When he comes in he stops cold. His wallet’s out already. Fake credit card. But he recognizes her as quick as she saw him. They didn’t run that far after all, in their terms. Just two states over, barely half a day’s drive. Not even out of the neighborhood, really. She watches him convince himself it’s not that surprising, seeing her here like this. Still, there is a long moment where she prays in fervent streams of hope that he’ll turn around and walk out.
But he steps forward, and she thinks of her mother. She won’t be cowed. “So where’s Sammy?”
Dean smiles, the automatic charmer. “Hey, Jo. Good to see you too.” And when she doesn’t respond, he answers “Down South with mom.” No hesitation over the omission.

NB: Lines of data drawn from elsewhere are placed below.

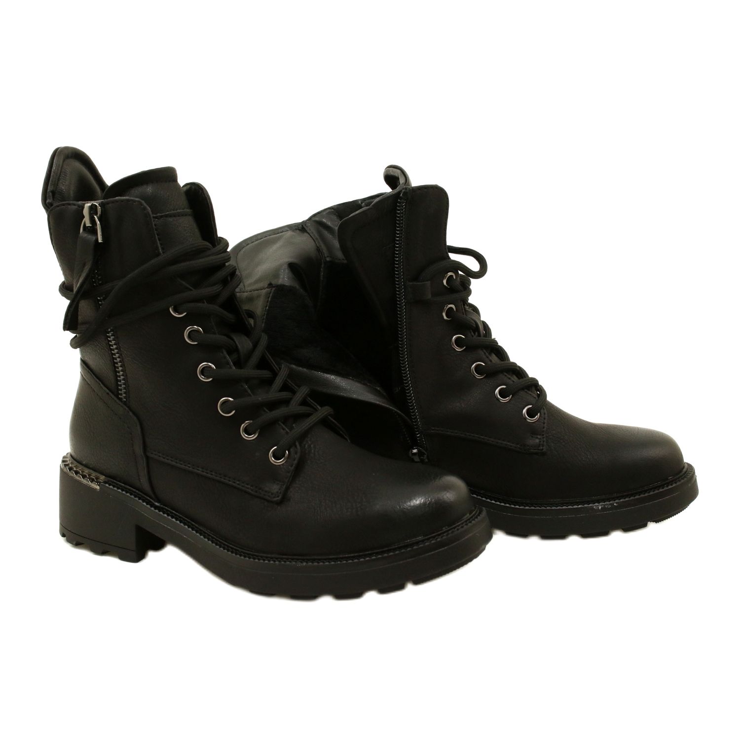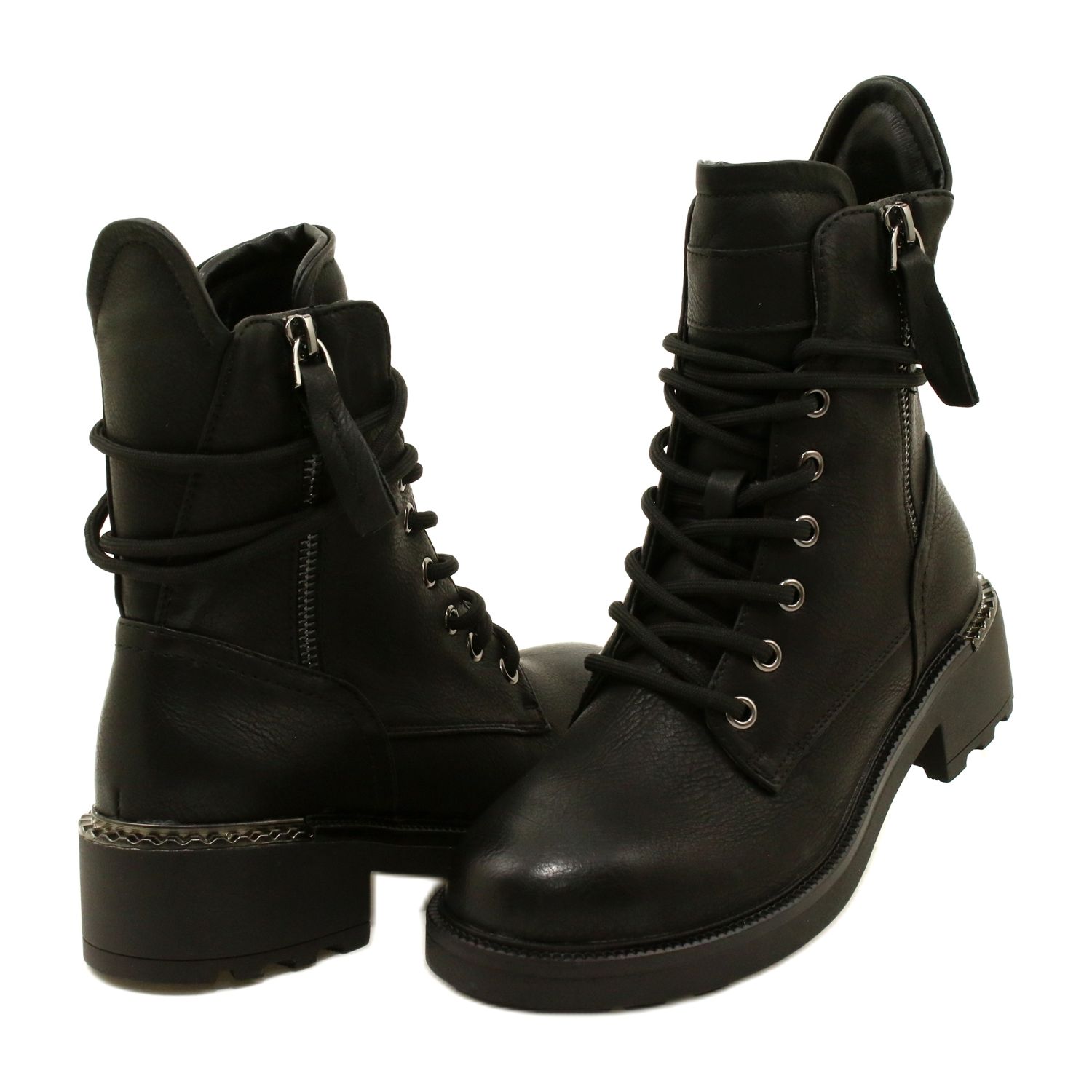 Eleganckie, uniwersalne czarne botki Evento 21BT35-4226 łączą wygodę z miejskim stylem. Wykonane ze skóry ekologicznej, ocieplone kocem obuwniczym, idealne na chłodniejsze dni. Zapięcie na zamek i sznurówki ułatwia dopasowanie i wkładanie, a ozdoba przy zapiętku dodaje subtelnego akcentu.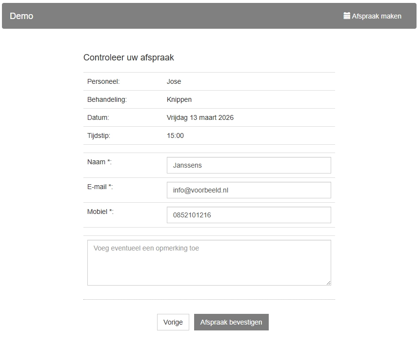 Na het invullen van deze gegevens kan de klant direct een afspraak aanvragen via de online agenda.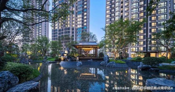 社区规划采用矩阵围合式布局,建筑南低北高,既保证了楼间距和采光,又创造了丰富的空间层次感。楼栋间距控制在28-50米之间,形成通风采光良好的中庭空间。园林设计采用新中式禅境风格,规划约3万平方米景观空间,包含泳池、全龄活动区及4000平方米架空层泛会所(含健身房、茶室等)。社区实行人车分流设计,配备约1408个停车位(车位比1:1.01),绿化率达30%,容积率3.1。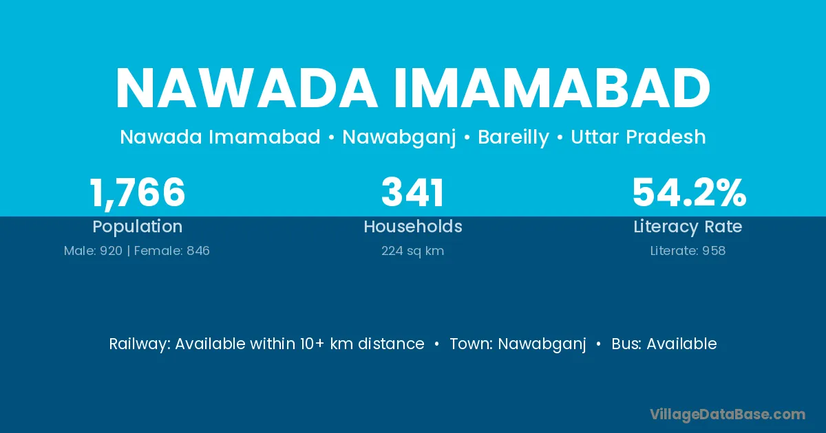 Nawada Imamabad village has a total population of 1,766 people, of which 920 are males and 846 are females.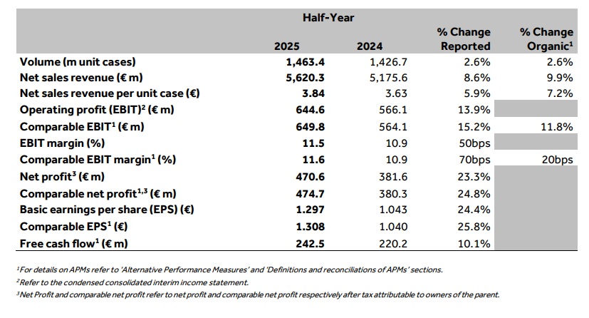 - Οργανικός όγκος αυξήθηκε κατά 2,6%, με ώθηση από τα ανθρακούχα (+2,3%) και τα ενεργειακά ποτά (+30,0%), με ιδιαίτερη δύναμη στις αναδυόμενες αγορές· οι όγκοι του β’ τριμήνου βελτιώθηκαν στο +3,2%, με συνεισφορά από όλα τα τμήματα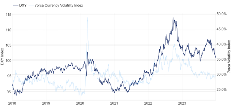 Abbildung 2: U.S. Dollar Index (DXY) vs. 7orca Currency Volatility Index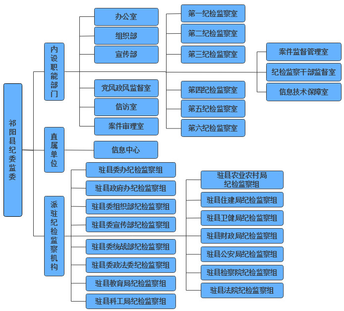 祁阳县纪委监委组织机构包括:内设职能部门、直属单位和派驻纪检监察组。内设职能部门具体为:办公室、组织部、宣传部、党风政风监督室、信访室、案件监督管理室、第一至第六纪检监察室、案件审理室、纪检监察干部监督室、信息技术保障室、机关党委。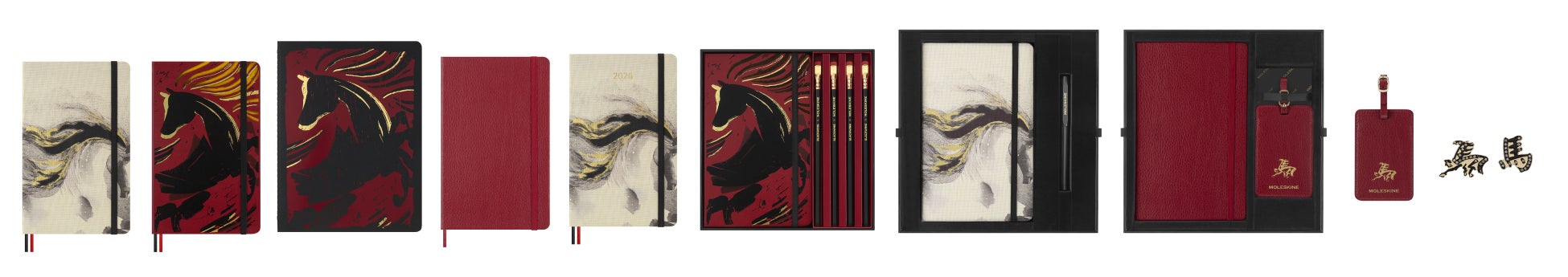 午年限定版コレクションは、モレスキンストアおよびオンラインストア(moleskine.co.jp)にて発売し、全国取り扱い店舗では順次展開します。縁起の良い午年デザインのリミテッドエディションをぜひお楽しみください。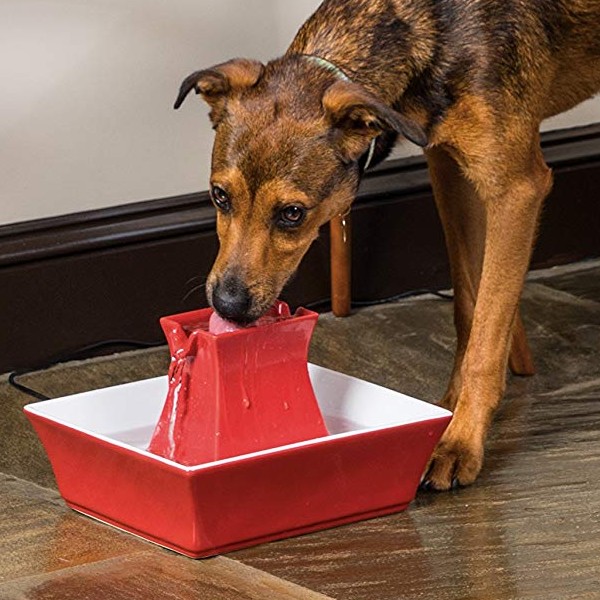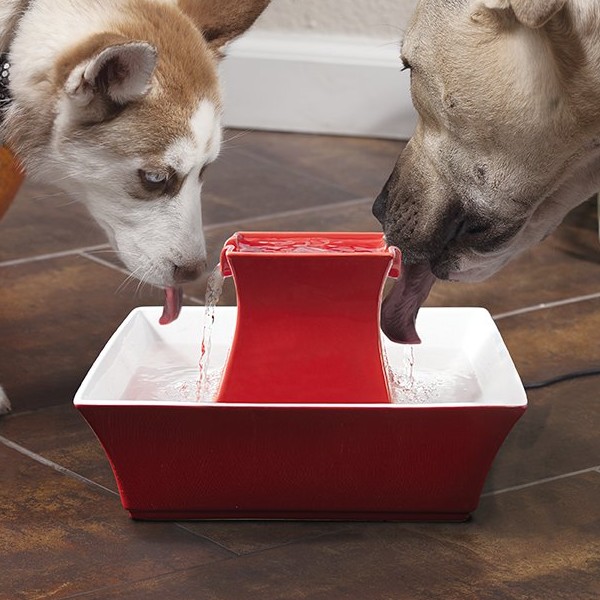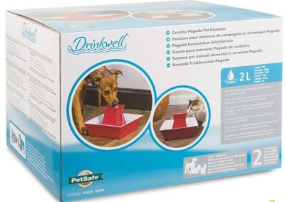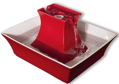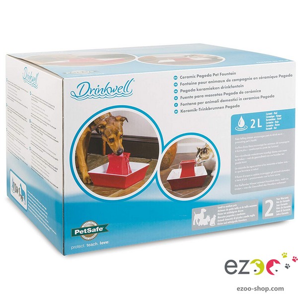 Fontaine en céramique rouge Pagoda Drinkwell, de la marque PetSafe pour chat, chien et animaux de compagnie met à disposition de votre animal deux litres d’eau fraîche et filtrée. fait circuler l’eau de votre animal. La fontaine pour animaux de compagnie Pagoda offre deux litres d’eau fraîche et filtrée. Ce modèle en céramique est facile à nettoyer. Le double courant d’eau à écoulement libre aère l’eau pour la rafraîchir et encourager les animaux à boire plus, offrant ainsi une meilleure solution d’hydratation pour votre animal.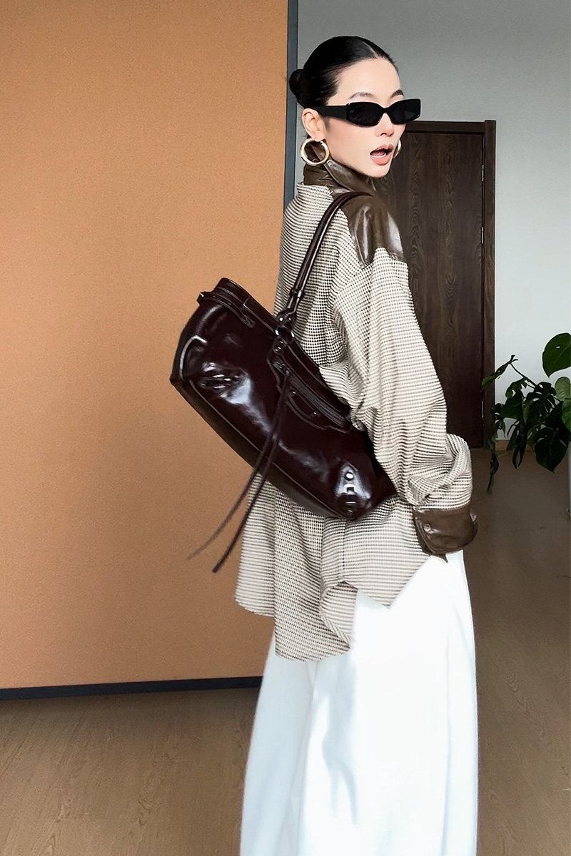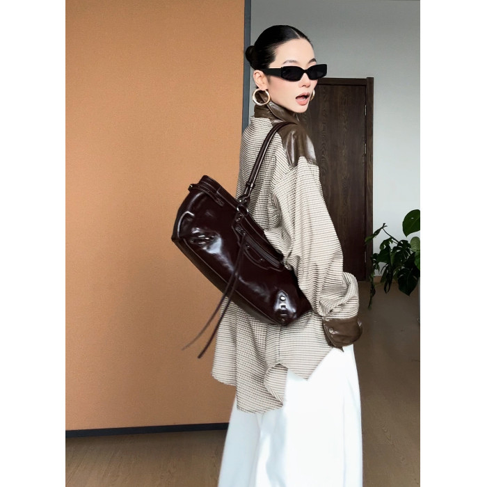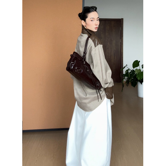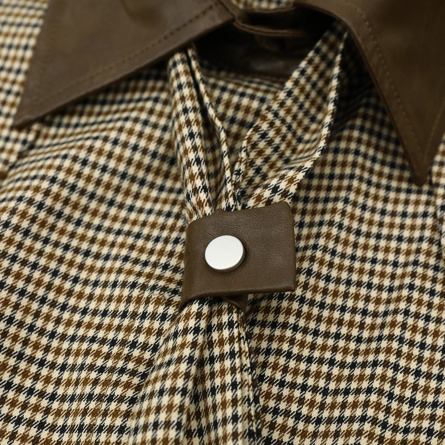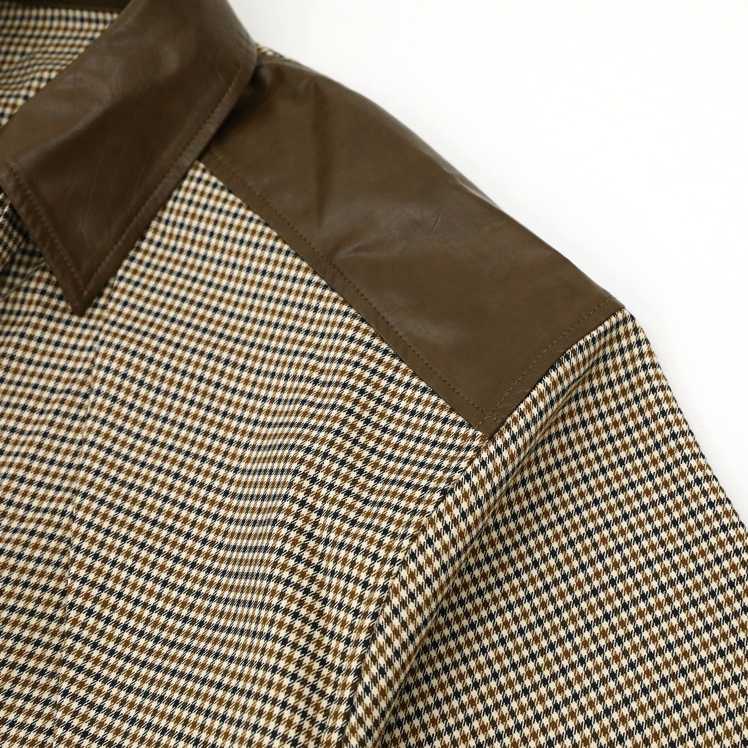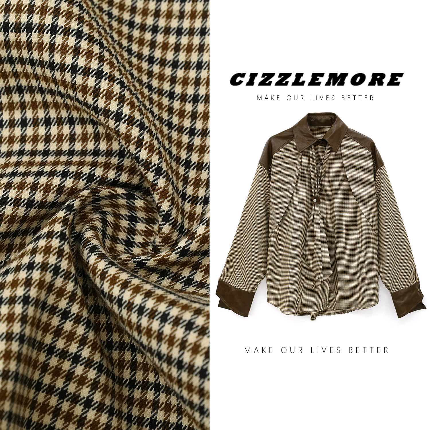 CIZZLEMORE【自由循跡】設計款美拉德撞色拼皮千鳥格領帶式襯衫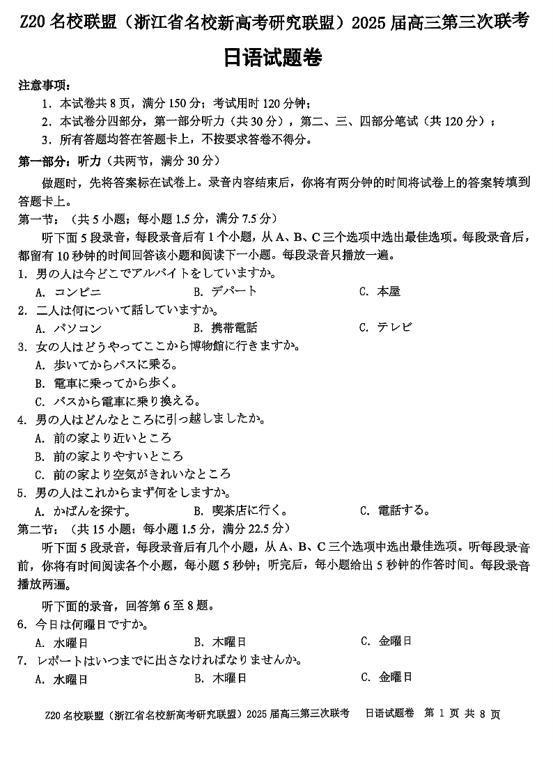 浙江Z20名校联盟2025届高三第三次联考-日语.pdf

“And my dad,” she adds for him. She tries to strike sparks with her tone. She tries to scare him off with her eyes, her dirty disguise.
“Yeah, him too.” Dean looks away, casual, perusing taco chips and candy bars.
“You’re hunting on your own, now.”
“Yeah,” he looks back at her. His smile is cold triumph, a reminder. She thinks for one second of Con Cready’s dead mare and he steps forward to pay.
“That’s no good, Dean.” She doesn’t touch the mastercard: Rubin Rhea Suvak.
He eyes her, heaving a sigh. Like she’s disappointed him, one of her dad’s tricks. He tucks the card away. “You smell like a fucking hobo.”
She mutters, “Just get out of here. Get the fuck away from us.”
Dean snorts softly to himself, shakes his head. She can’t look away from his eyes. If he came for her, she wouldn’t be able to move. Her limbs feel numb, her fingertips twitch on the countertop. Once, she clawed him across the face and ran downstairs to the protection of a family and a half. But he punished her for it. He found a hundred ways to do it, the year before her and her ma finally fled.
He leaves. But he looks at her over his shoulder as he rolls back out onto the road, and she feels her skin burning, and she knows if she looked in the mirror she’d see it, the mark he left on her printed there for him and every man to gloat over.